Originally Posted By X_Ring:
I've always said it should be legal. The Gov't (state & federal) could tax the shit out of it, like gasoline, and regulate it for health issues. Say goodbye to the deficit !!



You have no understanding of how our legislature treats money.
Link Posted: 9/15/2005 4:03:50 PM EDT

Originally Posted By TacticalPenguin:
Which state allows legal prostitution, Nevada?


Yup, in brothels, not on the street. Reno, for instance, regularly conducts street sting operations with much success.
Link Posted: 9/15/2005 4:04:54 PM EDT

Originally Posted By Offspring:
My solution to prostitution: Don't charge for the sex, but charge for the condom. Nothing illegal there, right?


That might work in your mind, but it won't work in a courtroom
Link Posted: 9/15/2005 4:13:04 PM EDT

Originally Posted By Barrelburner:

Originally Posted By Offspring:
My solution to prostitution: Don't charge for the sex, but charge for the condom. Nothing illegal there, right?


That might work in your mind, but it won't work in a courtroom



Funny, a lot of things work in my head that never work in real life.
Link Posted: 9/15/2005 4:13:43 PM EDT
Did anyone else notice the good "doctor's" name? And all along we thought he was in jail in Florida!
Link Posted: 9/15/2005 6:04:55 PM EDT

Dr. Leticia Chavez, one of the clinic's three doctors, said she sees about 10 to 15 cases of gonorrhea a month. So far this year, there have been only a few cases or syphilis and no cases of AIDS.

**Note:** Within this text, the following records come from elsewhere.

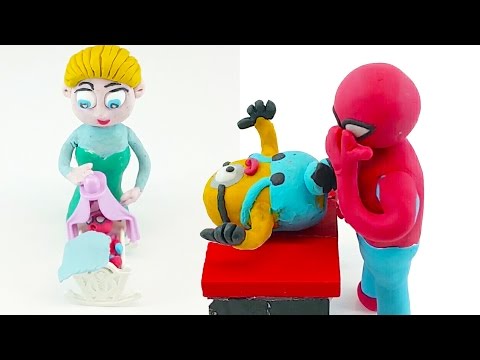 Elsa is a Best Mummy: PlayDoh Elsa Frozen Fun Babysitting Pranks Superhero Stop Motion Videos
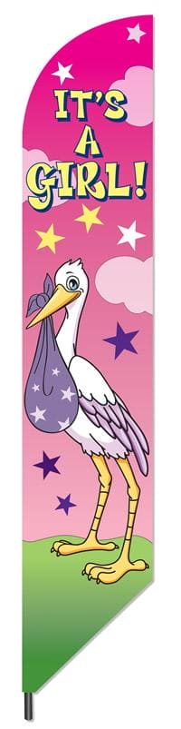 Our ITS A GIRL Pennant Flag is the perfect baby shower outdoor decoration This baby shower pennant flag features an allweather fabric flag with ITS A GIRL headline and in the center a stork with purple bundle on its beak Package includes a plastic pole and nylon pennant flag
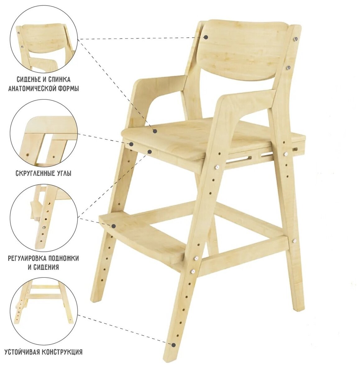 Растущий стул для детей FORLIKE белый, с подлокотниками, деревянный регулируемый стул
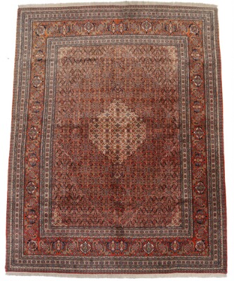 medallion design surrounded with repeating pattern in the shape of ornamentation, flowers and foliage on red base

Wow, NO cases of aids among Tijuana prostitutes this year, talk about safe sex
Link Posted: 9/15/2005 6:34:47 PM EDT
Road trip!!
Link Posted: 9/15/2005 9:43:34 PM EDT
Go to El Paso with a CB radio, and you will hear nothing but people advertising cheaps trips to Mexico, straight to the whorehouses
Link Posted: 9/15/2005 9:47:01 PM EDT

Originally Posted By 22bad:



Inspectors will swipe the cards through hand-held devices to ensure women pass monthly health exams. The city says it expects to begin issuing the cards later this month, although there's no prototype yet. Dr. Manuel Noriega, who runs the government clinic, says brothel owners have agreed to pay part of the cost.